The above screenshot shows the available properties for InferAvroSchema. At first look it can be a little daunting so lets breakdown what is happening here by stepping through each property.
At this point you will have a Avro schema that was automatically generated based on the raw incoming CSV data, congratulations! This doesn’t do us much good however. We still need to put that Avro schema to work and convert the original Weather.csv data into an Avro file. We do that in our next step with the ConvertCSVToAvro processor. The configuration for that processor is described below.

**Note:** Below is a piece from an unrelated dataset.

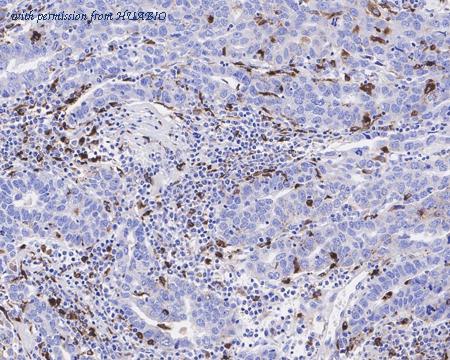 Immunohistochemical analysis of paraffin-embedded human stomach cancer tissue with Mouse anti-Lysozyme antibody (EM1901-99) at 1/1,000 dilution. The section was pre-treated using heat mediated antigen retrieval with Tris-EDTA buffer (pH 9.0) for 20 minutes. The tissues were blocked in 1% BSA for 20 minutes at room temperature, washed with ddH2O and PBS, and then probed with the primary antibody (EM1901-99) at 1/1,000 dilution for 1 hour at room temperature. The detection was performed using an HRP conjugated compact polymer system. DAB was used as the chromogen. Tissues were counterstained with hematoxylin and mounted with DPX.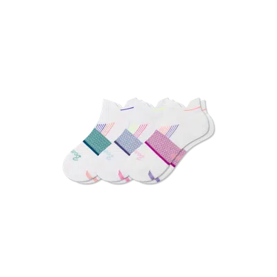 Lightweight, purpose-built socks for running, working out and movement. Bombas Hex Tec construction for breathability and moisture-wicking. Proprietary poly/cotton blend yarns. With comfort innovations like strategic zone cushioning and airflow ventilation. Specially designed to help you move with grace and speed. One purchased = one donated. Women's Running Ankle Sock 3-Pack - Bliss Pink Mix - Large - Cotton Blend - Bombas

The properties for ConvertCSVToAvro are a little more straightfoward so we aren’t going to go through them one by one. I do want to point out the value for Record Schema however. If you will notice it has a value of ${inferred.avro.schema}. If you recall in the InferAvroSchema processor above we told it to write the resulting Avro Schema to the FlowFile attribute. So now we are able to access that value using the NiFi expression language here. The name of the FlowFile property will always be inferred.avro.schema.
At this point our Weather.csv data has successfully been converted to an Avro file and we can do whatever we desire with it. I chose to simply write the data back to another local file which will be named “Weather.csv.avro”. Here is a screenshot of that output.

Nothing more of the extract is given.